[freenet-dev] Bloom filters and store probing, after the fact splitfile originator tracing

Matthew Toseland Tue, 12 May 2009 04:48:00 -0700

If an average node has a store size of 20GB (10GB cache) and adds 0.24 keys 
per second, it will add a full cache worth of keys in 713 hours. Salted hash 
means that it does not wipe the store in that period (not being LRU); a 
salted hash store would normally have a half-life for un-wiped keys, but 
quadratic probing makes this a bit easier.


In any case, it takes a *long time*: 29 days. We can maybe halve the figure if 
we assume almost all new keys are CHKs. But that's still around 14 days. And 
it's more on a larger store.

So the question is, how practical is it for a mobile attacker to identify a 
block in its neighbours' stores (from the bloom filter), get connected to the 
neighbour's neighbours, download their bloom filters, and trace an insert or 
request back to source one hop at a time?

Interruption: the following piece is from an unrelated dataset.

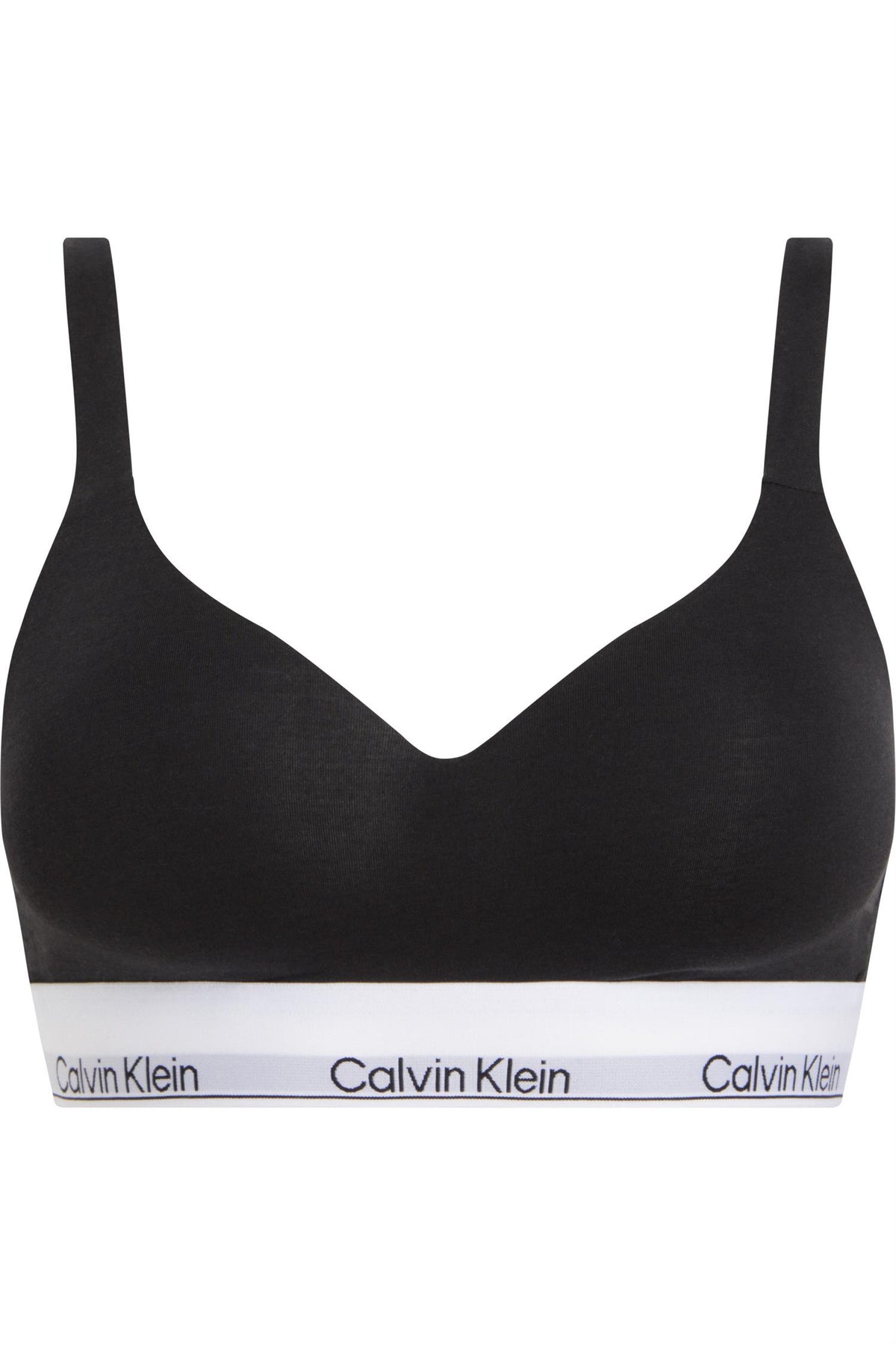 Calvin Klein Lift Bralette fra Modern Cotton-serien kombinerer pustende komfort og en sporty look, designet for deg som ønsker både stil og funksjon. Denne braletten er laget av en myk og fleksibel modal-bomullsblanding som gir deg en deilig følelse mot huden, samtidig som den er slitesterk. Braletten har myke, formstøpte kopper som er polstret for en subtil løfteeffekt, noe som gir en naturlig og flatterende form uten at det føles tungt eller ubehagelig. Det ikoniske elastiske underbåndet med Calvin Klein-signatur gir et sporty preg og støtter samtidig godt.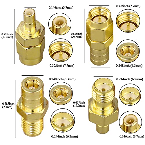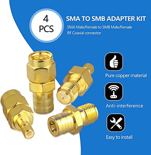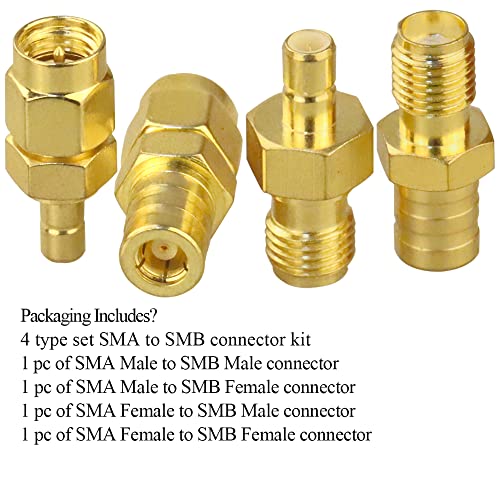 パッケージ内容: 4 個 (SMA オス - SMB オス コネクタ 1 個、SMA オス - SMB メス コネクタ 1 個、SMA メス - SMB オス コネクタ 1 個、SMA メス - SMB メス コネクタ 1 個)

We will likely have requirements for uptime before we start transferring the 
bloom filter to a node. Assuming the attacker is not already connected, this 
could add a significant delay: we need to transfer the filter, limited by the 
node connected to's upstream and what it is prepared to use of it, and it 
shouldn't offer the bloom filter until we have had some amount of uptime, 
maybe 1 week? This adds a delay of approx 1 week per hop. In some cases we 
will have so few hops that this won't solve the problem; in other cases a 
node will have a small cache (or a huge one) so the trail for one key will go 
cold, although the attacker could try connecting to all its peers 
speculatively, or he could look for the other keys.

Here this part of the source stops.